Mantis Broadcast: using Video Transport to bring costs down on tech festivals productions

The screen of a video camera filming The AI Summit London

Mantis Broadcast, started three years ago by Steve Tinsley and Stuart Willson, is a team of live broadcast professionals specialising in producing online events, both virtual and hybrid. We spoke with Steve to find out how Video Transport is helping them reduce costs while producing live and on-demand events.

When you say “virtual”, what is the typical customer and the typical type of event?

These are online re-imaginings of in-person festival style events. They are typically week-long, multi-stream events, where each stream replaces a real life stage. Each stream, or track, has up to 10 sessions per day, a mix of keynotes, panel discussions, presentations, and fireside chats. It’s not uncommon for each track to have up to 50 presenters per day.

The streams are broadcast via an event platform which allows for interaction with the audience, and attendee participation in the live portions of the event. The content is a mix of live and pre-recorded sessions, stings and adverts, and each track is operated by a broadcast producer and an on-boarder, often running back to back sessions throughout the day.

Group of people at 5G World Summit

What kind of organisations actually come to you for such events?

Leading global event production agencies. We recently used Medialooks Video Transport to great effect at London Tech Week, organised by Informa Tech. This was the first hybrid production of the annual tech event.

The festival’s in-person element took place at ExCeL London, where 5G World Summit and The AI Summit London were held at the same time, feeding into the wider festival celebrating London Tech. As well as an in-person audience at ExCeL, the “live” stages were broadcast to remote participants all over the world, alongside a further three fully virtual stages.

Screen shows 5G World Summit information

Does your expertise in tech festivals set you apart from the competition?

We’d like to think so. And it's not just technology, it's orchestrating the whole thing. We help our clients conceptualise their event as a virtual broadcast, essentially building the event from the ground up together. It’s the project management we bring, hand in hand with presenter liaison that our clients value most. Having Medialooks in our technical workflow enables us to focus on the people aspect. Nowadays presenters can find themselves speaking at many events in one day. It’s our job to help ground them in the task at hand on arrival to the onboarding session, for seasoned pros and beginners alike. This is very much something that’s carried over from our live broadcast experience.

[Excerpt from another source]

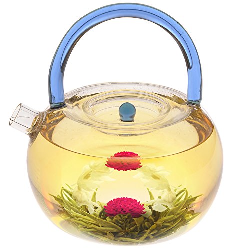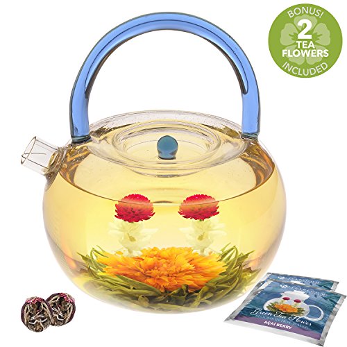 Tea Blooms Blossom Before Your Eyes This 40 ounce borosilicate glass teapot will give you years of reliable service - and remain looking as beautiful as it does on its first day in your home. The extra thick glass resists scratching and will never cloud or shatter due to extreme changes in temperature. A Gourmet Gift for Your Favorite Tea Lover Every pot of tea is filled with liquid happiness. Especially when relishing a pot of Teabloom's very special hand-tied flowering tea balls. Simply place a flowering tea ball into a clear, heat-resistant borosilicate teapot and carefully cover with 3 to 4 inches of boiling water. This will ensure the flower has plenty of room to bloom properly. Wholesome Green Tea Grown at High Elevation The tea balls included with the Blue Rainbow Teapot are green tea with acai berry. They're produced by plants nurtured at higher altitudes where the leaves can take their sweet time maturing. This final result is a richer, deeper tasting tea. The least processed of all popular teas, green tea preserves all its health-giving nutrients. 100% Money Back Guarantee The Teabloom family wants you to shop with complete confidence knowing that we proudly provide our Blue Rainbow Teapot Kettle with a full satisfaction and money back guarantee. If you don't absolutely love your teapot, let us know and we'll refund your money with no questions asked. Order Your New Blue Rainbow Teapot Kettle Gift Set Today and Discover a Brighter Way to Brew Your Tea 0 |
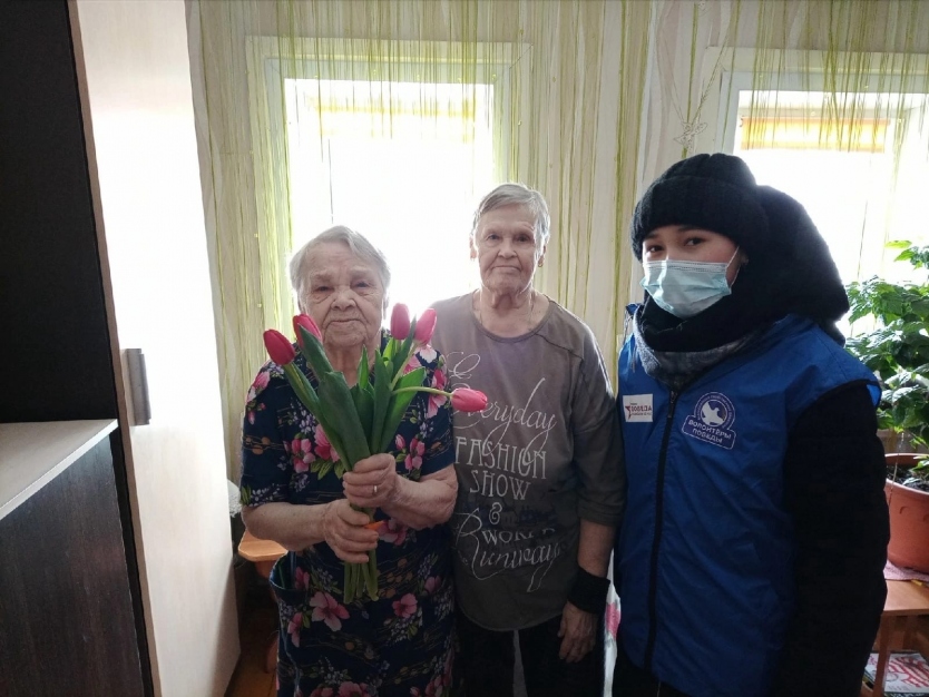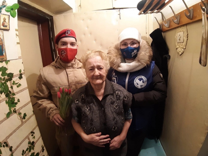 К акции присоединились и Волонтёры Победы города Бийска. Ребята навестили ветеранов вместе юнармейцами города Бийска. Они также подарили праздничные цветы и подарки, а также пожелали женщинам крепкого здоровья, улыбок, весеннего настроения и внимания близких!

What were the exact functional jobs of Video Transport?

For 5G World Summit and The AI Summit London, Mantis was one of many production companies involved on site, all delivering a different stage of the process in a daisy chain. Our role was to take the feeds from the cameras and stream them onto the event platform. We set up a MCR running Medialooks and vMix, and we had a technician on site to take the SDIs of live presenters both on stage and on screen via Zoom and send them to us via Video Transport. At the same time we had three remote MCRs producing the virtual stages sending feeds from Zoom to the event platform via Vimeo.

We were receiving three feeds from the venue – two cameras and AV. The first camera was a fixed wide-angle shot, the second was a TX vision mixed feed. The producer for each stream (in-person and remote stages) then overlays the event’s branding graphics on top of the raw video feed in real time on vMix, and broadcasts this to the event platform. At each step, we use Medialooks to transport or “bus” the video feed to its next destination in the chain.

What was the business value of the product to you?

It meant we could offer a full MCR experience and management while sending a minimal crew to site, both to keep the costs down for the client and to maintain COVID-19 safety protocols.

What did you like most about the product?

I think for me, mainly, it was latency. We found it to sit nicely at a fixed 300 ms. We wanted a solid, reliable SRT solution, and it just works, which is what we’re all looking for. The feeds came in as a traditional feed, they appeared on our network, and were easily added to vMix as NDI inputs – so it all worked very smoothly.

How would you explain Video Transport to a friend?

Video Transport gives us the ability to send raw video feeds from A to B via SRT with low latency, meaning very little delay in the feed’s round journey. That's the key, I think.